Even though he’s learning rapidly and incredibly well lately, it’s still in Murray’s nature to shake off an aid he’s not totally in favor of.
For example, sitting through the canter aid, which Kate suggested would help Murray understand the distinction between leg = bigger trot and leg = canter. Though I only use one leg for the latter and both for the former, sometimes it’s easier to canter rather than trot big. So this should help clarify that. Murray’s thoughts on sit-sit-canter range from THIS IS NOT ACCEPTABLE to ugh fine. We’ve been getting less offended flailing and more acceptance though. The other thing I noticed is that my first attempts at this lost all of the bear down, and I inverted in the middle and arched my back through the aid and transition. If I’m inverted through the transition, I can’t imagine that it’s easy for Murray to be round through it. So I focused on bearing down and shortening my front line through the transition, and it did seem to improve things.

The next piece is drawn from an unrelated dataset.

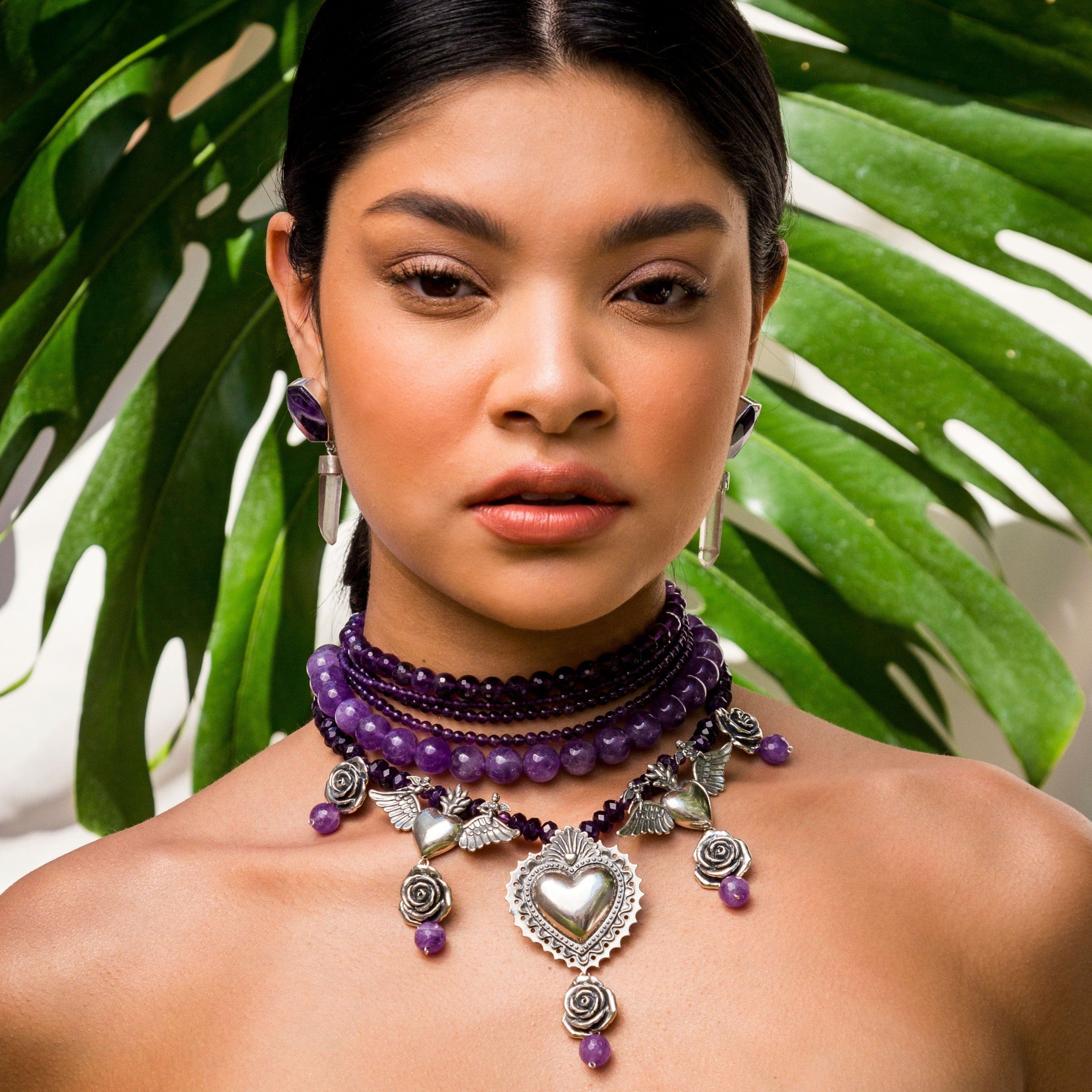 Piezas Plata: 5 Rosas Medianas, 2 Corazones con Alas y Querubines, 1 Corazón Bordado. Hilos: Gemas: 7 hilos de amatista con variación de tamaños.
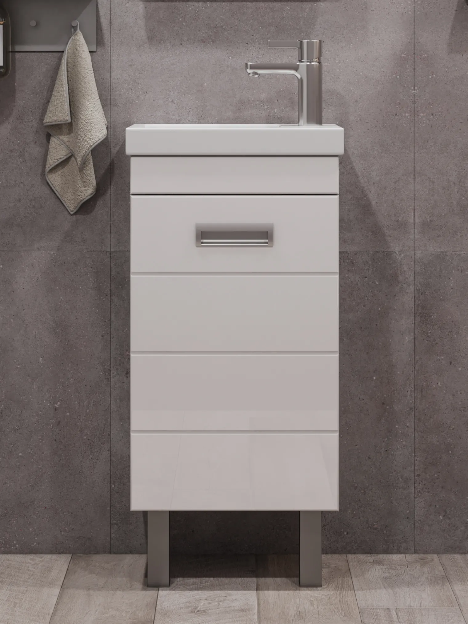Тумба под раковину Bianca 400-1-0 — идеальный выбор для небольшой ванной комнаты. Эта напольная тумба для ванной сочетает лаконичный дизайн, надёжность и продуманную функциональность. Белый цвет корпуса и фасадов делает интерьер светлее и визуально просторнее, а глянцевое покрытие фасадов из ЛМДФ придаёт мебели современный вид. Корпус выполнен из влагостойкой ЛДСП, устойчива к пару и перепадам температуры, а торцы защищены ПВХ-кромкой, что продлевает срок службы изделия.

not like this. this is not bearing down.
Then there’s connecting to the left rein. He’s always lacked connection to the left rein, as we both tend to just rely on the right rein for… most things. Megan directed me to really keep that left rein connection when it’s on the outside and push Murray over into it with my right leg. And in response, a couple of times Murray has flicked his head to the outside, turned left, or just stopped and gone backward. Which is, sorry kiddo, not what we’re looking for.
And then I caught myself doing something SO MURRAYish it was embarrassing. Though it’s somewhat torturous to do it, I’ve been forcing myself to improve the connection and march at the walk before I move on to the trot. It doesn’t have to get perfect during the warm up, but it does have to move toward being more marching and through than when we started. A lot of this means finding out where Murray wants to start in the connection, and adding a bit of leg for more march and connection, and asking for a bit more roundness, having him bend properly instead of rotating around his inside front leg, then adding a bit more march and connection, etc. And after I added leg and felt Murray push into the bridle a bit more, I did something with my hands to shake him off the contact. I don’t recall exactly what it was, but that’s hardly important. No wonder this horse doesn’t want to take or trust the contact — if I’m not thinking about it, I might actually tell him to not do the right thing. Oops.
oh hey, apparently a year ago i briefly learned that short reins make my horse look way better. i clearly promptly forgot it.
Yet another example of how I am, truly, just like this horse.
So lots of things to focus on, and lots of dedicated practice needed for our rides. But it’s getting a little better, bit by bit. And once I stop accidentally shaking my horse off the aids, it will probably get better a bit faster!